• Les Raisons de la colère : Un a venir... qui perd son temps.

     

    Les enfants de l'atome

    Livre I Chapitre 4

    Cycle : les arrache-coeurs (contes et nouvelles du 21 ème siècle)


    " À leur arrivée, ils s'aperçoivent qu'ils ne gagneront jamais beaucoup d'argent car il y a trop de travailleurs et les propriétaires importants de la région ne les respectent pas tandis que les plus petits font faillite. Ils profitent du grand nombre d'émigrants pour baisser les salaires et les familles émigrantes vivent dans des camps de fortune provisoires appelés Hooverville. " John Steinbeck - Les Raisins de la colère (en anglais : The Grapes of Wrath), roman publié en 1939.


    N'est pas John Steinbeck qui veut et ce n'est pas la peine de se raconter des histoires, quoi qu'ils disent, les enfants de l’atome ne recevront jamais le prix Pulitzer.
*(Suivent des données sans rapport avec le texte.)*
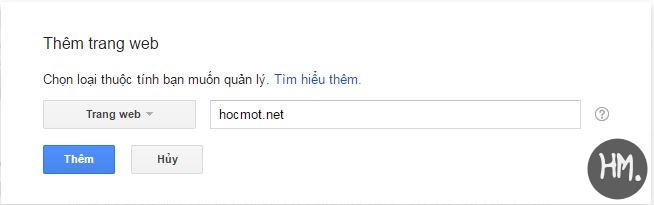 Đăng nhập bằng tài khoản Gmail của bạn ( tất cả các sản phẩm của google đều dùng chung tài khoản này). Thêm một trang web mới trong công cụ Google Webmaster Tool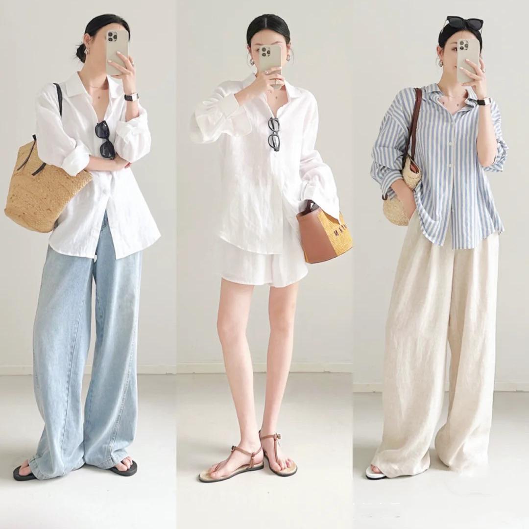 寬鬆的白襯衫、或者條紋襯衫,我們都可以選擇親膚透氣的棉麻材質。不像時裝風格一樣的醒目,卻更加自然大方,適當露出鎖骨線條也更顯精緻美。

    Voila maintenant 7 ans que la crise économique, financière, spirituelle, sociale sévit en France et ailleurs. Sept longues années de réflexion qui n'aboutissent en finalité qu'à la naissance d'un  souriceau. Si les petits ruisseaux font les grandes rivières, on assiste plutôt à des débats fleuves incapables d'irriguer le cerveau de nos têtes pensantes, clones de la statue de Rodin tant ils prônent l’immobilisme.
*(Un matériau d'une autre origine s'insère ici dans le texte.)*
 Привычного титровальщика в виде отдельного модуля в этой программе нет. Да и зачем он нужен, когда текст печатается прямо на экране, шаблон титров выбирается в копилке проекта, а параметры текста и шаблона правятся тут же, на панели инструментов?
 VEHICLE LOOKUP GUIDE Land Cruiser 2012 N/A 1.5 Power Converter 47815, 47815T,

    Et le désert avance...

    Pour autant la situation est-elle désespérée ? Évidement non. Alors pourquoi les enfants de l’atome sont-ils exaspérés . Quelles sont donc les raisons de leur colère ?

    Alors qu'ils cherchent du travail, on leur propose que des petits boulots mal payés et encore, quand on leur propose quelque chose. Pendant qu'ils trainent sans espoir d'apercevoir le bout d'un tunnel délabré, ils assistent à la longue agonie des espoirs de leurs géniteurs, qui pour certains, s'impatientent. Ils souhaiteraient tant profiter d'une retraite bien méritée. Mais les nantis, n'ayant rien d'autres à faire que de polluer le net de commentaires qui feraient croire que les citoyens ne sont que des râleurs (mal bien français), fainéants et privilégiés, ont tout intérêt que les choses ne bougent pas. Voir même qu'elles s’aggravent.

    Alors, demain, lorsque le travail ne sera plus qu'un souvenir. Demain, lorsque des camps de fortune accueilleront les survivants de la grande guerre économique qui aura tout dévastée sur son passage. Demain, lorsque l'on prendra conscience que des solutions de bons sens auraient pu être mises en place. Oui, demain... il sera déjà trop tard.

    Les enfants de l'atome n'osent imaginer... n'osent imaginer que les pages d'une nouvelle ère, gouvernée par des esprits tordus s’écrivent sous leurs yeux. Ils n'osent l'imaginer et pourtant, dans une meute, les loups affamés finissent par se dévorer entre eux.

    Reprenant une phrase du livre de John Steinbeck, l'un d'eux s’écria : "Les travailleurs étant exploités, des individus essayent de les faire adhérer à des syndicat." Et tous éclatèrent de rire. Heureusement, si ils avaient perdu la foi du syndicalisme, ils leurs restaient l'humour.